Two operations: dedupe then sort. The whole question hinges on one gotcha.

The solution

function sortedUnique(arr) {
  return [...new Set(arr)].sort((a, b) => a - b);
}
sortedUnique([3, 1, 2, 3, 1]); // [1, 2, 3]

new Set(arr) removes duplicates in O(n) — Set keeps only distinct values.
[...set] spreads it back to an array.
.sort((a, b) => a - b) sorts numerically, ascending.

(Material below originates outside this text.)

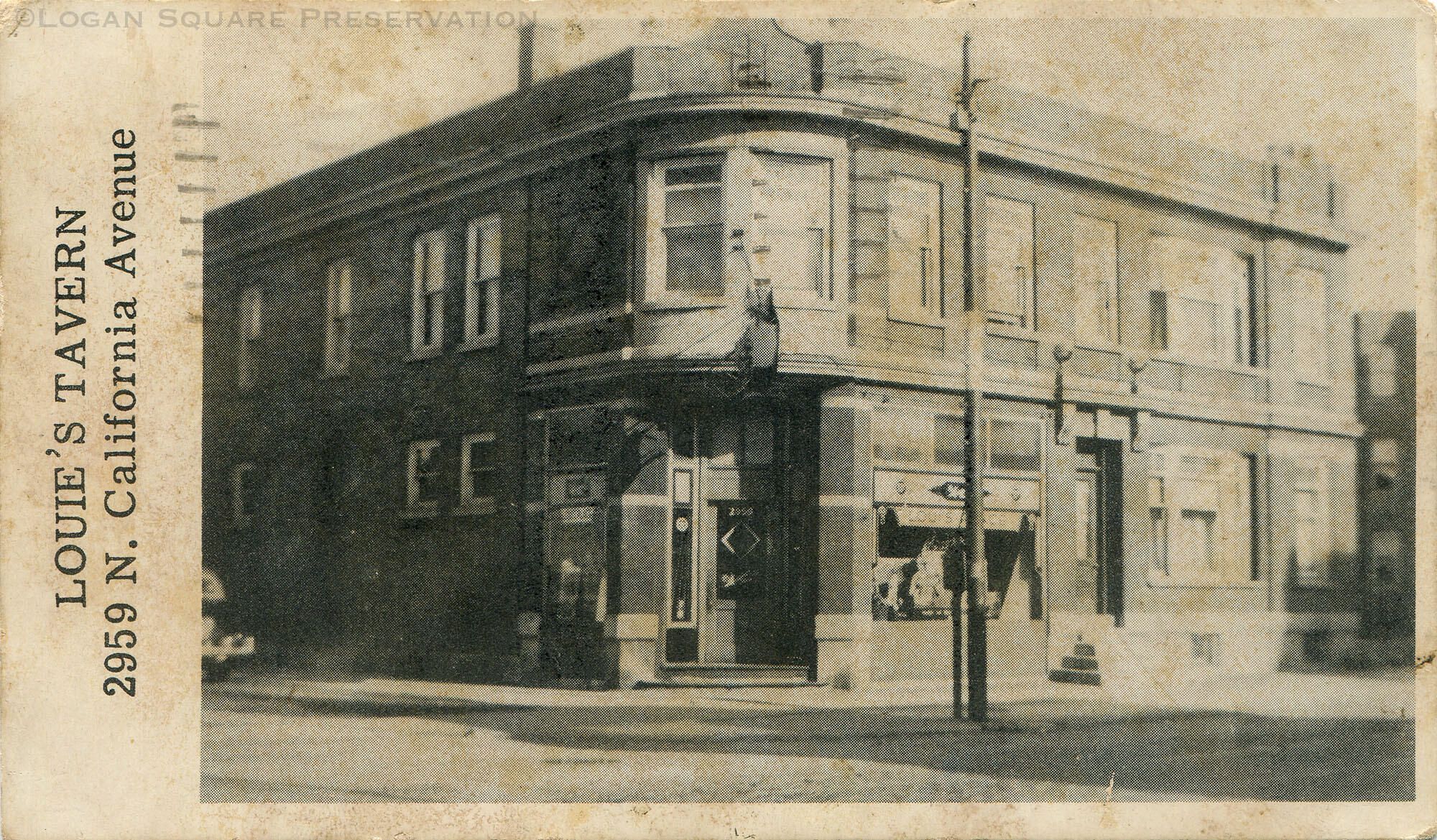 Printed postcard view looking southeast at 2-story tavern and flats above at corner of Wellington & California Aves, circa 1942Subject Person/Organization
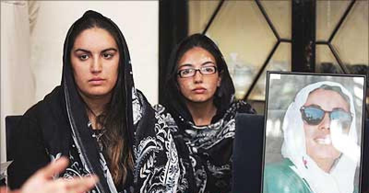 Image: Benazir Bhutto's daughters Bakhtawar (left) and Asifa at a Pakistan People's Party meeting at the Bhutto's residence in Naudero late last year. Photograph: Aamir Qureshi/AFP/Getty Images

The gotcha interviewers are actually testing

Array.prototype.sort() with no comparator sorts elements as strings:

[10, 9, 1, 100].sort();            // [1, 10, 100, 9]  ❌ lexicographic!
[10, 9, 1, 100].sort((a, b) => a - b); // [1, 9, 10, 100] ✅

Forgetting the comparator on numeric input is the #1 mistake. Always pass (a, b) => a - b.

Without Set (if asked)

function sortedUnique(arr) {
  const seen = {};
  const out = [];
  for (const x of arr) {
    if (!seen[x]) { seen[x] = true; out.push(x); }
  }
  return out.sort((a, b) => a - b);
}

Or sort first, then filter elements equal to their predecessor.

Other talking points

.sort() mutates the array in place and returns it — spreading into a new array first avoids mutating the caller's input.
Mixed types / NaN — a - b produces NaN for non-numbers; clarify the input contract.
Strings — for string input, .sort() with no comparator (or localeCompare for locale-correct order) is actually correct.
Complexity — O(n) dedupe + O(n log n) sort = O(n log n).

The framing

"[...new Set(arr)].sort((a, b) => a - b) — Set for O(n) dedupe, sort for O(n log n). The thing I'd call out explicitly is the comparator: bare .sort() is lexicographic, so [10, 9].sort() gives [10, 9]. And since sort mutates, I spread into a fresh array so I don't clobber the caller's input."

Follow-up questions

•Why does [10, 9, 1].sort() not sort numerically?
•How would you do this without Set?
•Does .sort() mutate the original array?
•How would you sort an array of objects by a property?

Common mistakes

•Calling .sort() with no comparator on numbers — lexicographic order.
•Mutating the caller's array because sort() is in-place.
•Assuming Set preserves a sorted order — it preserves insertion order.
•Not clarifying the input type (numbers vs strings vs mixed).

Performance considerations

•O(n) for the Set dedupe plus O(n log n) for the sort = O(n log n) overall, O(n) extra space. Fine for typical inputs; for huge arrays of small integers, a counting/bucket sort could beat it.

Edge cases

•Empty array — returns [].
•Already sorted or all-duplicate input.
•NaN values — never equal to themselves; Set keeps one NaN but comparator breaks.
•Mixed types or objects — Set dedupes by reference, not value.

Real-world examples

•Deduping and ordering tag lists or filter options for a UI dropdown.
•Normalizing IDs before a batch request.

Senior engineer discussion

Seniors write the one-liner instantly but explicitly flag the lexicographic-sort trap and the in-place mutation, and ask about the input contract (numbers vs strings, NaN, objects) before committing to a comparator.